=== Begin Enclosure ===

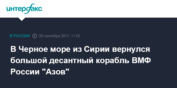 Москва. 28 сентября. INTERFAX.RU - Большой десантный корабль (БДК) Черноморского флота "Азов", возвращающийся из похода в Сирию, в четверг вошел в акваторию Черного моря. Об этом сообщили местные информационные порталы, публикующие фотографии его прохождения через Босфор.
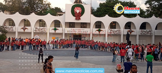 Los participantes marcharon por la avenida Tulum hacia el Palacio municipal, quienes portaron playeras rojas
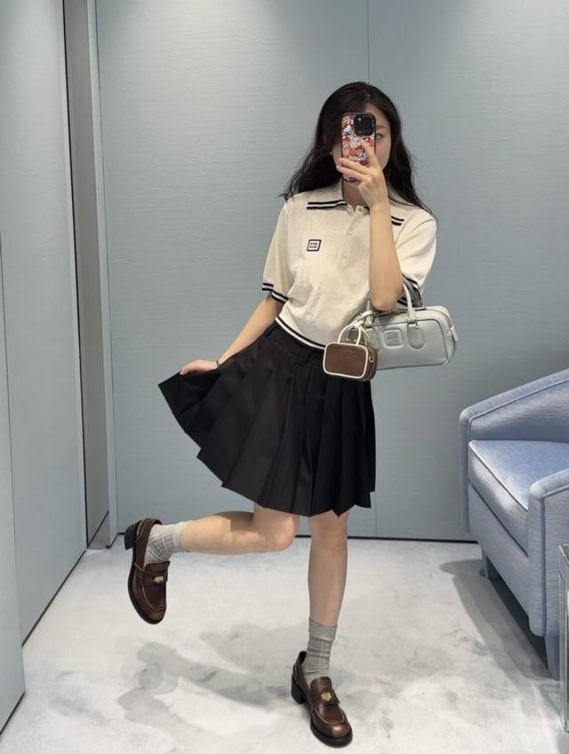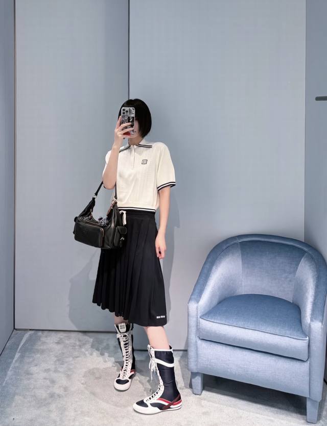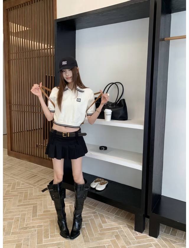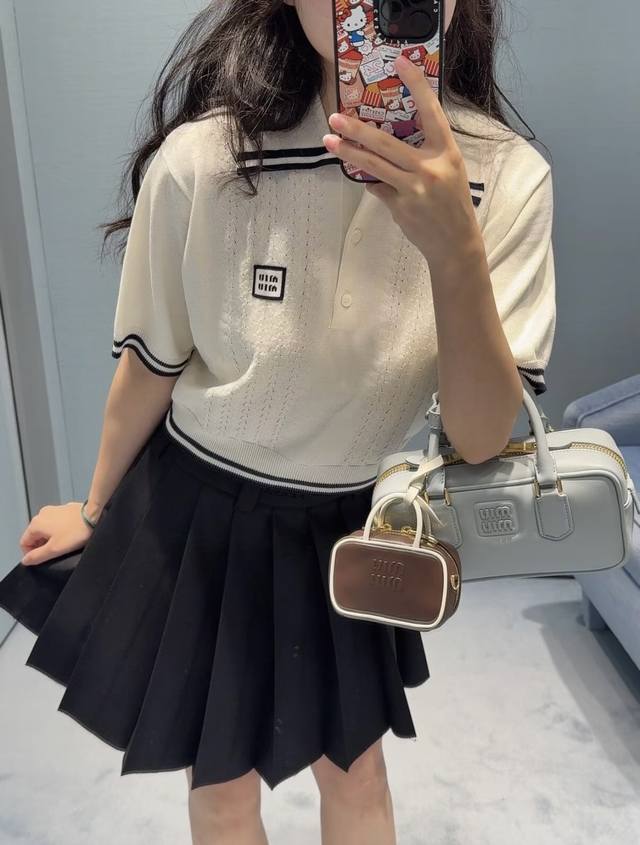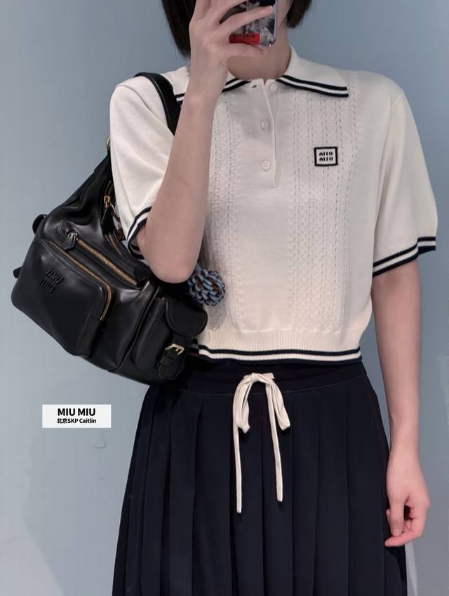New! Latest Miu 25New cable knit short-sleeved lapel sweater. Size: S, M, L, D,
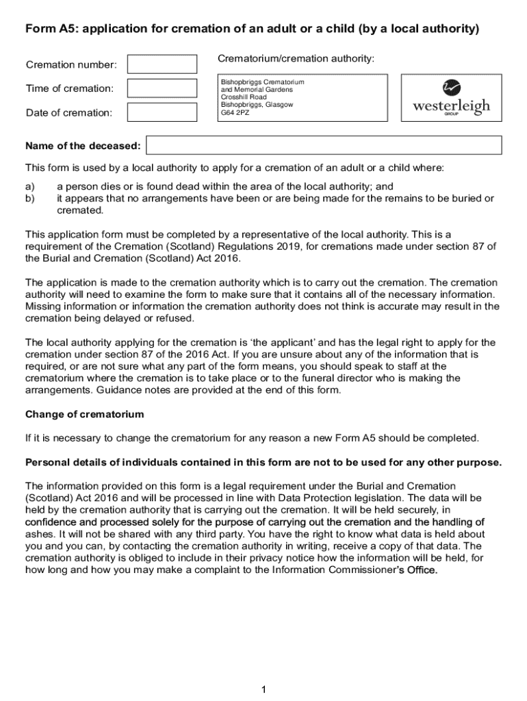 This form is used by a local authority to apply for the cremation of an adult or a child, particularly when a person dies or is found dead within the authority\'s area and no arrangements have been

=== End Enclosure ===

**WHAT THE EXERCISE ASKS:**
Give the listing again word for word, but drop every picture.

**REPLY TO THE TASK:**
 Москва. 28 сентября. INTERFAX.RU - Большой десантный корабль (БДК) Черноморского флота "Азов", возвращающийся из похода в Сирию, в четверг вошел в акваторию Черного моря. Об этом сообщили местные информационные порталы, публикующие фотографии его прохождения через Босфор.
 Los participantes marcharon por la avenida Tulum hacia el Palacio municipal, quienes portaron playeras rojas
New! Latest Miu 25New cable knit short-sleeved lapel sweater. Size: S, M, L, D,
 This form is used by a local authority to apply for the cremation of an adult or a child, particularly when a person dies or is found dead within the authority\'s area and no arrangements have been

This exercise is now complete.